Updated: Nov 9, 2022


Amanda Sherman will candidly tell you this about herself—she is a doer. If there’s anything in her power that she can do to get something done—be it a task at work, a project at home, or anything that needs to be checked off of the to do list—she will do it and do it well.


But when it came to adding children to her family, Amanda reached a point where there was nothing else she could do but wait. Wait on the adoption agency to call. Wait on God. And, like so many of you that read this blog know—the reason this blog was created in the first place—that wait can be excruciating. Especially, perhaps, for a doer (I am one, too). If there’s anything we could do to get the ball rolling more quickly, we’d do it. But, at a certain point, after we’ve done all we can, we have to stand, rooted, and give the situation to a capable and competent God. But that season is not easy.


“Everything has its season,” Amanda told me back in August. “I know it’s hard to wait, especially people like me that are doers. I’d think ‘I’ve done everything asked of me. I have done it all. What am I doing wrong?’ I’d blame myself.”
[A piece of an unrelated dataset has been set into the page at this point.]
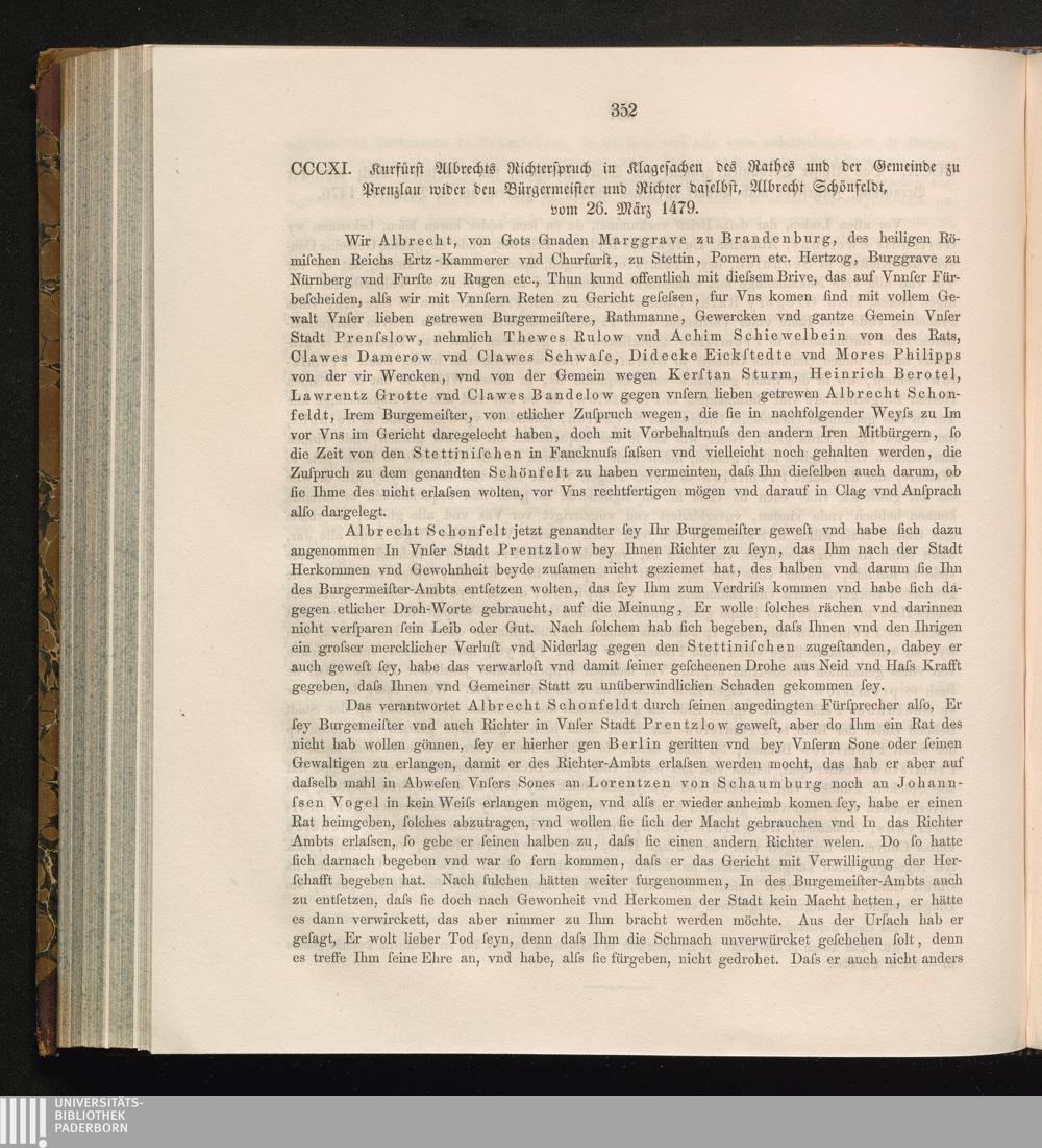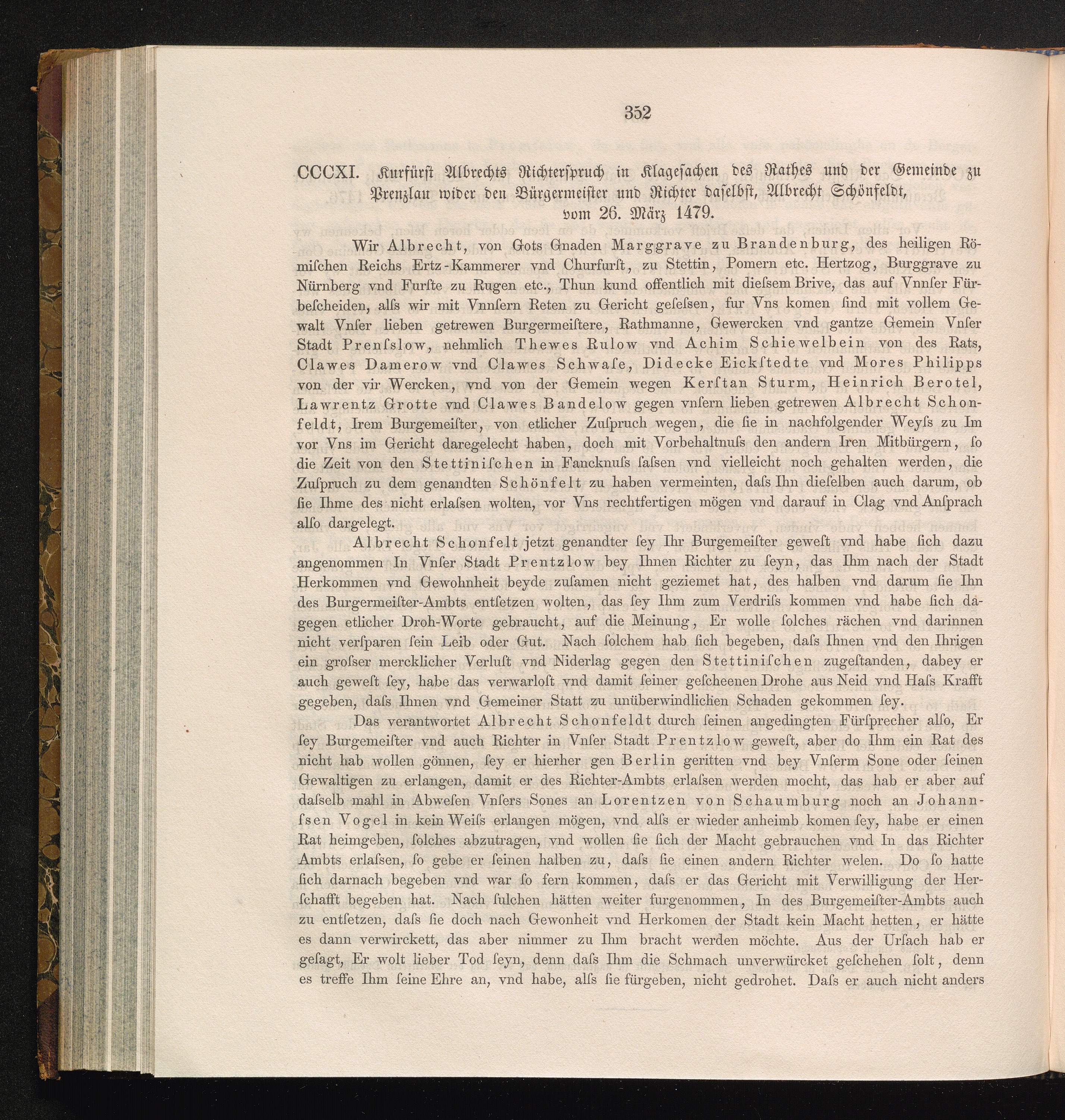 CCCXI. Kurfürst Albrechts Richterspruch in Klagesachen des Rathes und der Gemeinde[...]

Amanda would think maybe she was just too old to be a mom—and maybe that’s why the adoption process hadn’t worked out yet.


“I’d think ‘If I’m too old, just let me know. Rip the Band-Aid. Stop this craziness,’” she said.


I’ve been here, too, though not with adoption, but with my own waits—God, if this desire I have is not for me, if this will never happen, please just take it away from me.


“I will let this go,” Amanda said, recounting what she told herself in the darkest moments of her wait. “I don’t have to keep doing this to myself. But the desire never went away. Every time I tried to make it go away for myself, something would happen to keep the hope alive. I’d tell myself ‘Okay Amanda, it’s going to be okay. You’re obviously not supposed to give up on this, or things wouldn’t keep happening to make you change your mind about tossing in the towel.’”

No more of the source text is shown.